Verdi's musical pictures - of the prospect of being chewed up by a lion, or thrust into a deep pit, or swallowed in the pains of hell - were painted with dramatic intensity. Yet the opening plea for eternal rest had an enigmatic uncertainty, as if in doubt that the prayer would be answered, riddles solved, questions answered - a reflection, perhaps, of Verdi's own religious ambivalence. Or maybe everyone was just a shade nervous.

Some of the score was powerfully projected, especially the volatile "Dies Irae". Elsewhere, Noseda toned down his forces to an exquisite softness. The BBC Philharmonic strings had all the expressive weight one could wish for, the woodwind added burnished colour and the brass, on and off stage, had an unassailable authority. The joint forces of the Leeds and Sheffield Philharmonic choruses sang with heart and responsiveness, especially in the nimble "Sanctus".
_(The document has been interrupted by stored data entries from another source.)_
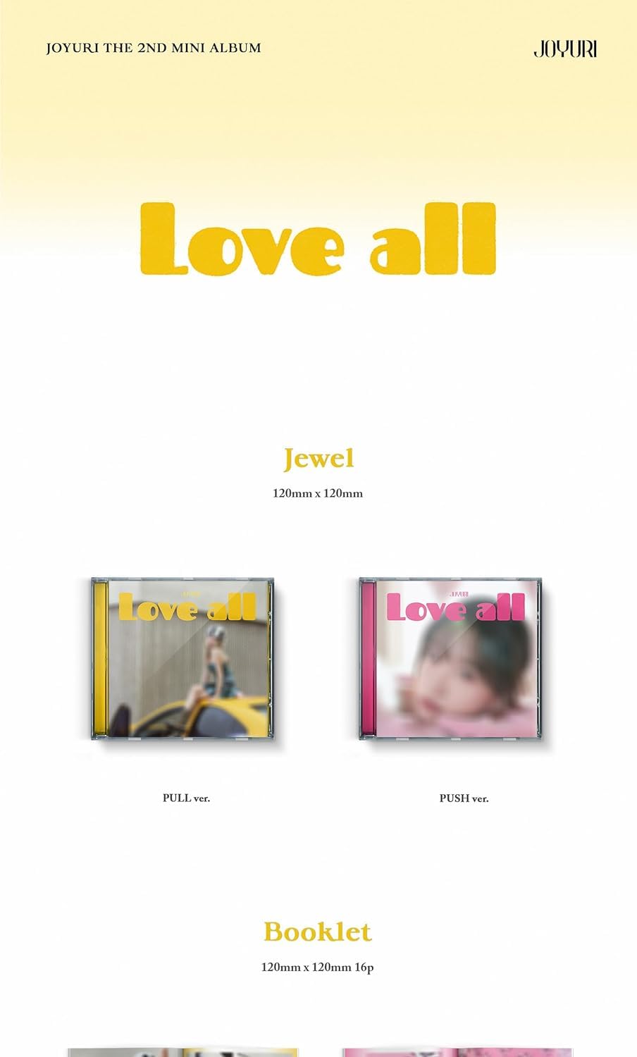 Jo Yuri LOVE ALL 2nd Mini Album Jewel Version Release Date - 10th August 2023 -Album Contents- CD+16p Booklet+2p Photo Card+Free Tracking Number. Depending on versions , contents inside the album may differ. POB is randomly included inside some of the first press albums. Tracklist. 01. TAXI 02. Lemon Black Tea 03. Bitter Taste 04. Hang On 05. 멍 ✔Officially distributed Brand New & Original item from Manufacturer. ✔All items from original manufacturers are delivered in original sealed package condition. ✔Your purchase quantity will be count on Korea HANTEO & GAON Chart! ✔All ordered item will be shipped with a tracking number. ✔All products are packed and shipped in box.
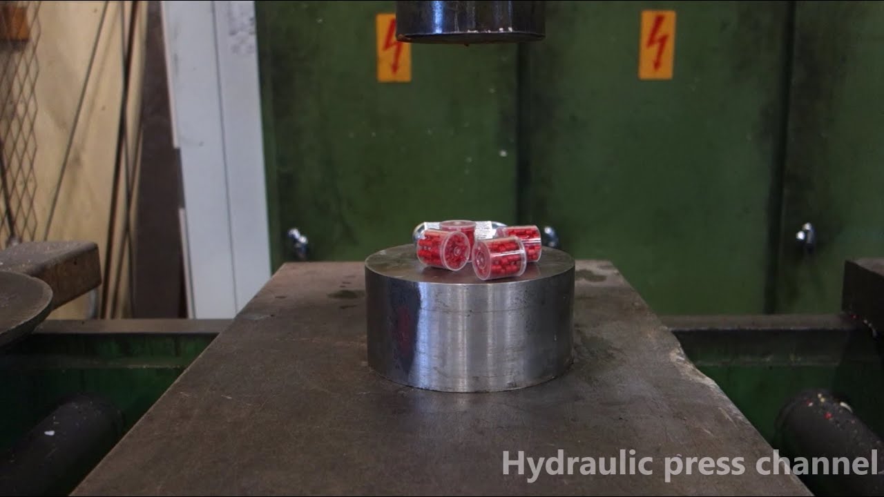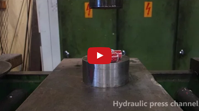 In the latest episode of his oddly entertaining YouTube series, Finnish machine shop owner, Lauri Vuohensilta, uses his hydraulic press to find out what happens when you squash small explosive objects, like cap gun ammunition, CO2 cartridges, and soda and Mentos, with 100 tons of force.
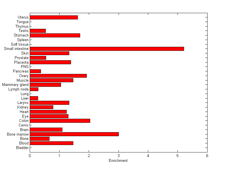 The expression level is normalized with tissue-library size. Each value for a gene in a tissue is a ratio of observed ESTs to the expected one in this tissue. The expected number of ESTs is the product of total ESTs of the gene and the fraction of total ESTs in the tissue among all ESTs in 30 tissues.
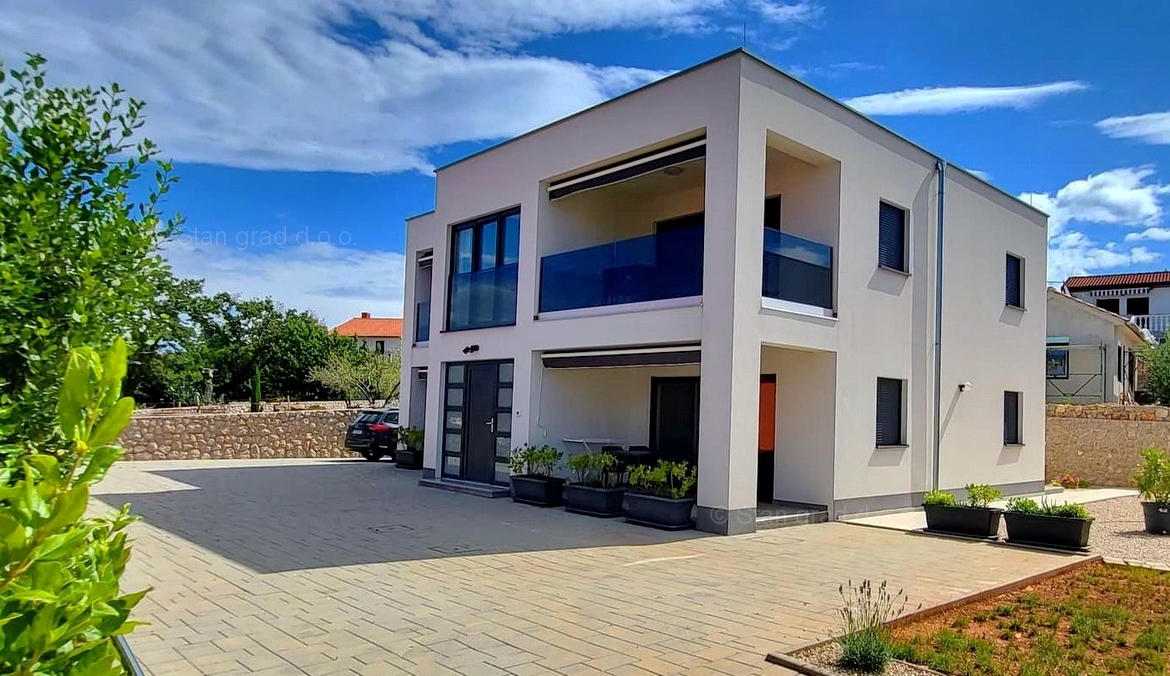 The Stan Grad Immobilien agency in the Kvarner region is offering an exceptional Mediterranean urban house built according to a modern design in the developed and attractive northern Adriatic area of the island of Krk. This affordable house is located near the well-known town of Malinska, in a green area free from city noise.

Perhaps because she alone was singing without a score, rising to her feet very much in her own time, Barbara Frittoli added a personal element to the evening. She sang with unaffected eloquence, however, evoking Saint Michael and the holy light with a radiant luminosity, her gleaming notes and floated entries giving an ethereal dimension to the performance. Of the other soloists - not an entirely integrated ensemble, it must be said - the American tenor Hugh Smith brought a refined and sensitive shading to the "Ingemisco", while the Russian bass Sergei Alexashkin fanned the fiery flames of the "Confutatis maledictis" with a scary fury.

As to whether or not Verdi's Requiem is merely an "opera in ecclesiastical costume": as far as the mezzo-soprano Luciana D'Intino was concerned, the answer was surely an unequivocal yes. She chanted "Nil inultum remanebit" with such forceful effect that you had no difficulty believing her chilling prophecy that nothing would remain unavenged.

By the final "Libera me" the church vestments were well and truly discarded, whiffs of greasepaint replaced the incense, and Barbara Frittoli seemed as genuinely seized with trembling and fear as any of Verdi's theatrical heroines begging for deliverance from their fate.